Hubo un tiempo en que el aire del sur de Buenos Aires era una mezcla de carbón, brea y un mar lejano que nunca terminaba de llegar. En ese paisaje crudo y esforzado, un niño sin apellido encontró, casi por azar, la punta del hilo que lo uniría para siempre a su destino: el barrio de La Boca. Aquel chico había sido abandonado en la Casa de Niños Expósitos con una nota que decía: “Este niño ha sido bautizado con el nombre de Benito Juan Martín”.

Benito Quinquela Martín creció entre barcos que gruñían, estibadores con fuerza de titanes y un puerto que no descansaba jamás. Las escenas cotidianas eran ásperas, pero para él eran vida e inspiración: donde otros veían humo, él veía luz; donde otros veían mugre, él veía color; y donde muchos encontraban cansancio y sudor, él encontraba belleza.
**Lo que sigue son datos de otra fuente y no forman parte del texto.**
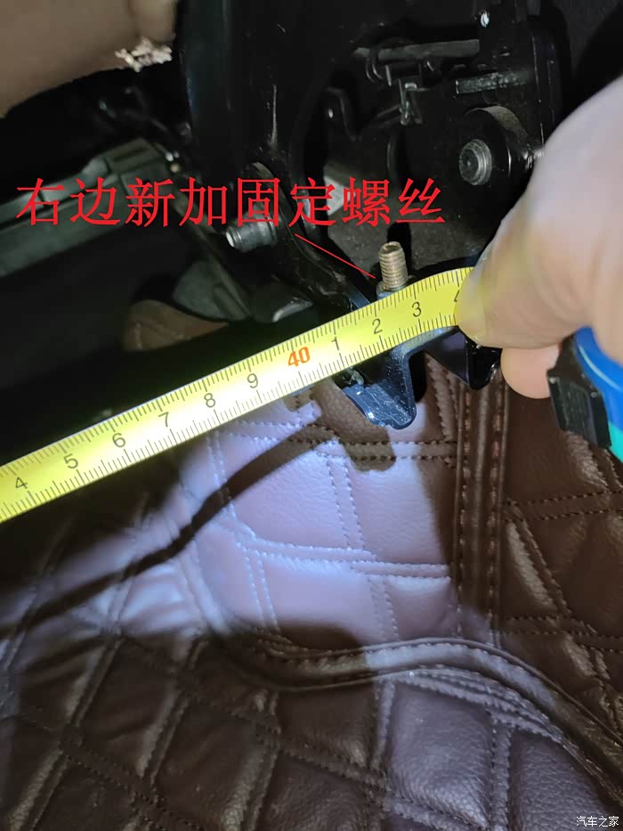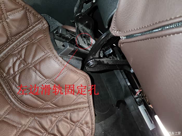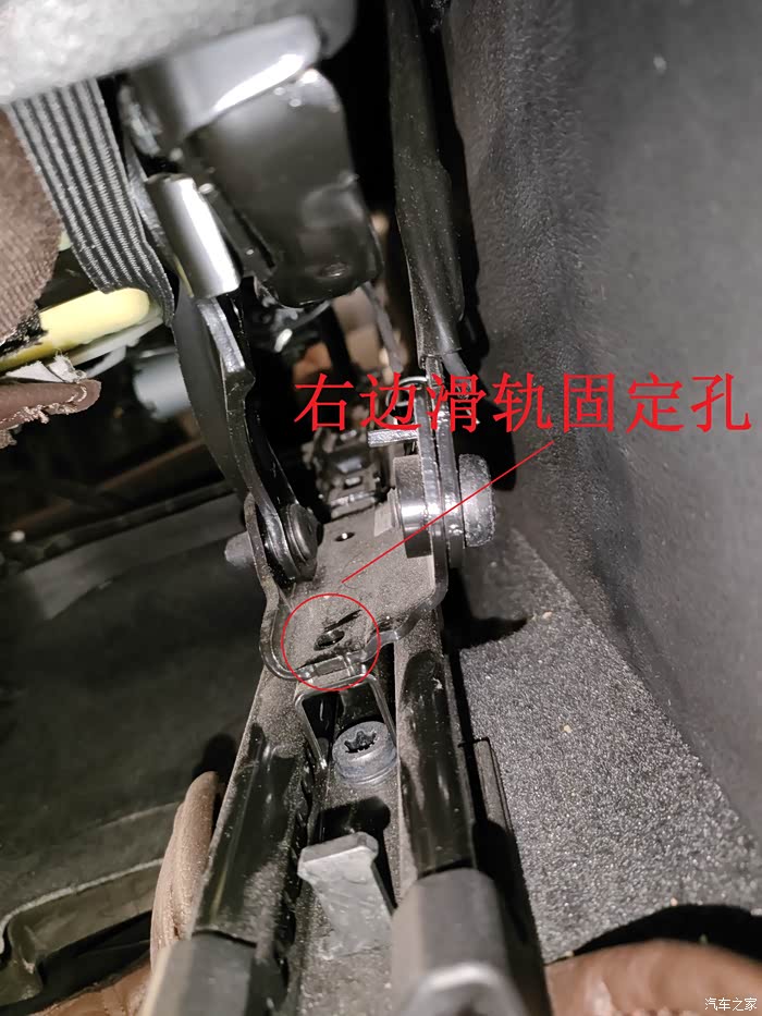 座椅左右滑轨上都有现成的孔,正好用于固定

Con el paso del tiempo, ese chico autodidacta, que pintaba de noche en una pieza pequeña y trabajaba de día en la carbonería familiar, terminó por construir una enorme obra, que fue mucho más que darle color y una imagen única al sur porteño. Pintó barcos, lanchas, remolcadores, grúas y obreros con una intensidad inconfundible. Pintó su vida, su origen y su memoria. Pintó —sobre todo— su identidad. Murió el 28 de enero de 1977, a los 86 años.

Uno de sus cuadros más conocidos,

El niño del nombre escrito en un papel que encontró un mundo en el puerto

Benito Quinquela Martín nació en Buenos Aires, aunque la fecha exacta de su nacimiento nunca pudo establecerse. Poco tiempo después de nacer fue abandonado en la Casa de Niños Expósitos —luego Casa Cuna—, acompañado por una nota breve y definitiva que decía: “Este niño ha sido bautizado con el nombre de Benito Juan Martín”. No tenía apellido, ni historia escrita, ni familia conocida; solo un nombre y un pañuelo cortado en diagonal como único recuerdo posible de su madre biológica, que jamás regresó a buscarlo.
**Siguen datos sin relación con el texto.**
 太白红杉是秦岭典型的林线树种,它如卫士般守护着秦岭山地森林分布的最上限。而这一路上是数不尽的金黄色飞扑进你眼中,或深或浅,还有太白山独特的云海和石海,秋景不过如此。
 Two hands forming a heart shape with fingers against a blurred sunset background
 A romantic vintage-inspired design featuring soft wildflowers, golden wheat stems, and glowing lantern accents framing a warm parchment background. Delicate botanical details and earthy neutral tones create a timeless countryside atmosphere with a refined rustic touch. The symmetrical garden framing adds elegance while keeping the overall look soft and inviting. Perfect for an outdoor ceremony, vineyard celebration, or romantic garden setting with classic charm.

Por ese motivo, las monjas de la Casa de Expósitos estimaron su fecha de nacimiento y fijaron oficialmente el 1 de marzo de 1890, ya que el niño había sido dejado allí el día 21 de ese mismo mes. Su vida comenzó marcada por la incertidumbre, pero también por una resiliencia que lo acompañaría siempre.

Tras sus primeros días, fue trasladado a un asilo de niños en Barracas al Norte, según registran sus biografías. Allí creció entre los delantales grises de las Hermanas de la Caridad y atravesó una infancia solitaria y silenciosa, sin figuras parentales, aunque con abrigo y alimento asegurados. Con el paso del tiempo, ese período quedaría en su memoria como una imagen difusa y lejana.

Benito y sus padres

En 1897, a los siete años, fue adoptado por un matrimonio de inmigrantes italianos que lo llevó a vivir al barrio de La Boca. Manuel Chinchella, oriundo de Nervi, trabajaba descargando carbón en el puerto y atendía la carbonería familiar. Justina Molina, nacida en Gualeguaychú, llevaba el comercio con una memoria prodigiosa y una ternura constante. Al no poder tener hijos biológicos, la pareja decidió adoptar a Benito y darle un hogar.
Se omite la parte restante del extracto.